The C63 was then fully dried using a drying towel. A Hot air blower was used to aid removing standing water from shut lines and light recesses etc



The Mercedes then received the machine polishing stages of the Enhancement Package. Vulnerable areas such as rubber and plastic edges were masked up as a precaution. Various machines, compounds and pads were utilised which were dictated by the contours, defects & access of the area worked on to achieve the best improvement and results possible within the constraints of the package.



Here are a selection of before and afters demonstrating the improvement achieved from the Enhancement.

Over all there were no major issues with the car and the paint was generally not in bad shape mainly just suffering from light defects such as swirling and light marring, some may have noticed the car has been fitted with a 507 edition bonnet which has non factory paint this brought some pig pigtailing and hazing into the equation.























Once the polishing stages were complete a final panel wipe down was completed, quick image captured of the 507 Edition bonnet freshly polished, refined, wiped down and awaiting protection



Swissvax Best Of Show Was Applied. Wheels prepared with Swissvax cleaner fluid & protected with Autobahn. Tyres dressed with pneu.



completion images





















Many Thanks Adi @ Deep-Shine Detail​


----------



## Naddy37 (Oct 27, 2005)

Another cracking write up. Nice work!!


----------



## matt1234 (Dec 2, 2013)

Awesome mate. Nice to see one in red rather than white.


----------



## Deep-Shine (Apr 2, 2010)

matt1234 said:


> Awesome mate. Nice to see one in red rather than white.

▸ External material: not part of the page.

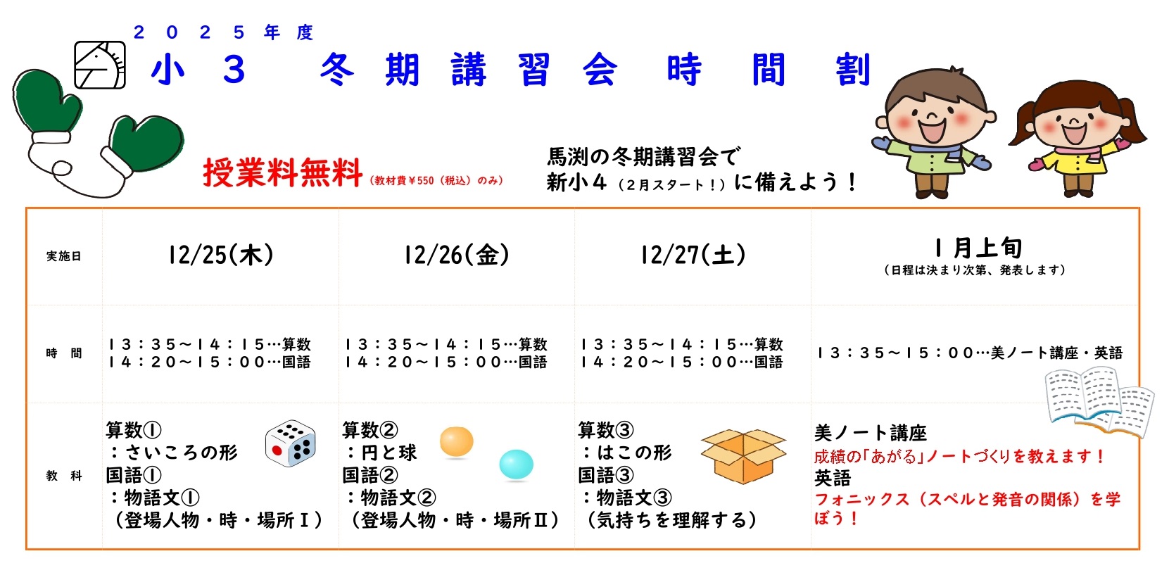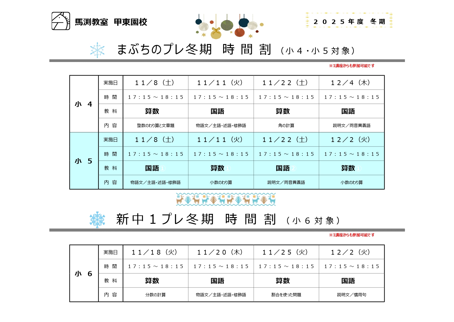 ▲冬期時間割が出来ました。時間割は校舎までLINEでお問合せ下さい!詳細はこちら▲

Definitely mate majority seem to be white or black. suits the car and always works well with the black details :thumb:


----------



## tonyy (Jul 26, 2008)

Superb job:thumb:


----------



## ted11 (Jul 8, 2011)

very,very nice.


----------



## Goodfella36 (Jul 21, 2009)

Nice work even liked to see handle of duster resting on microfibre its the strangest things you notice in other peoples work that shows they care :thumb:


----------



## Tembaco (Jun 28, 2014)

Wouww! As a MB fan this is if i'm looking to a beautyfull woman. Nice detail!


----------



## taz007 (Dec 31, 2007)

stunning car - great job there.


----------



## ESPEC (Jul 12, 2014)

Love the car wish I had one!


----------



## Deep-Shine (Apr 2, 2010)

ESPEC said:


> Love the car wish I had one!


You should get one mate would suit you :thumb:


----------



## Neno330 (Dec 19, 2013)

Beautiful


----------



## A&J (Mar 4, 2015)

I love a great looking red car...great job


----------



## muzzer (Feb 13, 2011)

I always look forward to your posts Adi, great write up, cracking work and all round quality pictures, this one is no different and up to your usual high standards :thumb:


----------



## 6stw (Aug 23, 2014)

Doesn't get much better than that! Great job as always.


----------



## taz007 (Dec 31, 2007)

nice work on a stunning car


----------



## SteveTDCi (Feb 8, 2006)

I love that colour and they sound great.

Odd question coming up ..... Did you paint the floor ? We are painting the floor of our storage unit but are trying to find some decent paint and are looking for suggestions.


----------



## Deep-Shine (Apr 2, 2010)

SteveTDCi said:


> I love that colour and they sound great.
> 
> Odd question coming up ..... Did you paint the floor ? We are painting the floor of our storage unit but are trying to find some decent paint and are looking for suggestions.


Hi Steve

yes we painted the floor originaly using a 2pk Floor paint from Regal Paints, it was ok for a whilst but quickly started to show signs of wear so we had an Altro safety Flooring fitted :thumb:


----------



## LeeToll (Jun 25, 2014)

Another beautiful car. Your unit also looks very nice and professional!


----------



## Neno330 (Dec 19, 2013)

Perfect place to work and also great car


----------



## Neno330 (Dec 19, 2013)

What are dimensions of your detailing studio?


----------